The Indiana Supreme Court’s Judicial Nominating Commission is accepting applications until June 30 for the appellate post, which is being vacated once Justice Theodore Boehm retires Sept. 30. He announced his decision May 25.

In the initial days after his announcement, the Indiana legal community has already started speculating who could be the next state justice, and much discussion has focused on whether that person should come from the judiciary and how likely it is that a woman would be named.

Indiana and Idaho are currently the only two states without a female justice, while Justice Boehm is one of three sitting justices who don’t have any judicial experience before joining Indiana’s high court.

Though there are names being batted about and formulas for who might be the state’s 106th justice, one common theme is clear: that person will have much to live up to in succeeding Justice Boehm.

“Those are large shoes to fill,” said Indianapolis attorney Jason Stephenson at Barnes & Thornburg, one of two authors of an annual review of the state’s high court. “His replacement needs to be ready to draft a lot of opinions, (because) over the years that I’ve participated in this article Justice Boehm has often written the majority of the court’s opinions.”

With the polarization between the federal and state governments, Stephenson said the appointee will have to be able to listen to both sides as Justice Boehm has done and not exhibit a knee-jerk reaction. This is even more crucial in the current political climate so that the end result is viewed as clearly just and not politically driven.

Many key players in the legal community say the next justice should be a woman, but they’re quick to note that gender is just one consideration and any appointee must be qualified for the post. Justice Boehm is one of those voices, as are Chief Justice Randall T. Shepard and former Justice Myra Selby, who was the state’s first and only female member of the court in the mid ’90s.

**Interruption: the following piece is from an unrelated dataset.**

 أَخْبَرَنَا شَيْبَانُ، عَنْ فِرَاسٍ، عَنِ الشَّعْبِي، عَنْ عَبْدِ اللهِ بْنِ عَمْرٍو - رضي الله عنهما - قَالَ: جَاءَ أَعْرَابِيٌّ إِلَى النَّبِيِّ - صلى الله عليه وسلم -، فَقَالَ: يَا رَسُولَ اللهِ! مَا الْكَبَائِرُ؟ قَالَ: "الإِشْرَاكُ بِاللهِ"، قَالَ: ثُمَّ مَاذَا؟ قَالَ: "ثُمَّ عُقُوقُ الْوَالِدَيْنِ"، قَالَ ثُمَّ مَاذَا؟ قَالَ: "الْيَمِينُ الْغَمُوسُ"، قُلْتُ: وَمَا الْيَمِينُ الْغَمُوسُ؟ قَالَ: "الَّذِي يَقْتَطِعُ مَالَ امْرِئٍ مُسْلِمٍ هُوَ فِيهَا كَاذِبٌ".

“I think it’s definitely something he should – and I expect will – take into consideration,” Justice Boehm said about the governor’s option in name a female justice. “It may not be the controlling factor, but it certainly should be something that is in everybody’s thoughts.”

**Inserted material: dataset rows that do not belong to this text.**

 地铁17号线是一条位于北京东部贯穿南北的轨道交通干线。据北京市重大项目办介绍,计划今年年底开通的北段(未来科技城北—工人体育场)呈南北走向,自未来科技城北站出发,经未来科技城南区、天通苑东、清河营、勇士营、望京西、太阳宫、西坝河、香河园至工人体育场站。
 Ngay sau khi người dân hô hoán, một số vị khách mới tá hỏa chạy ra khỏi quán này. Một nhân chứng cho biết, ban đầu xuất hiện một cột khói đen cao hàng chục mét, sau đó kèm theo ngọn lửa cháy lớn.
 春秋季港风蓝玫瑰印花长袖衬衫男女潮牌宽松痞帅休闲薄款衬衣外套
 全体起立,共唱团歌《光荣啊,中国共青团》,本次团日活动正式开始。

Any court must reflect all kinds of diversity, from gender and race to geography, backgrounds, and skill sets, Justice Boehm said. In order to increase the court’s diversity on all those fronts, the retiring justice said this could be a time to again think about expanding the court from five members to as many as eight, as the state Constitution allows. The topic first surfaced in the late 1980s and again the late ’90s, but it hasn’t come up seriously since then. He won’t be the one to raise it but said it might be a concept for the legislature to start considering.

“It wouldn’t be a bad idea,” Justice Boehm said.

Indianapolis attorney and Indiana University School of Law – Indianapolis professor Joel Schumm, who clerked for Justice Boehm in the late ’90s, said he hopes the new justice is a woman – particularly because half of all attorneys graduating law school are females and the court doesn’t reflect that trend.

Indiana Court of Appeals Judge Margret Robb, one of five women on the intermediate appellate bench, said it’s an important issue.

“In terms of women on the court, that is an important consideration, but my overall hope is that the person will have requisite respect for the other branches of government, the law, and the Constitution,” said Judge Robb, who’s been a board member for the National Association of Women’s Judges.

Selby has echoed those thoughts, telling Indiana Lawyer in the past that the high court should reflect society and that having a female perspective is important and warrants discussion along with all the factors.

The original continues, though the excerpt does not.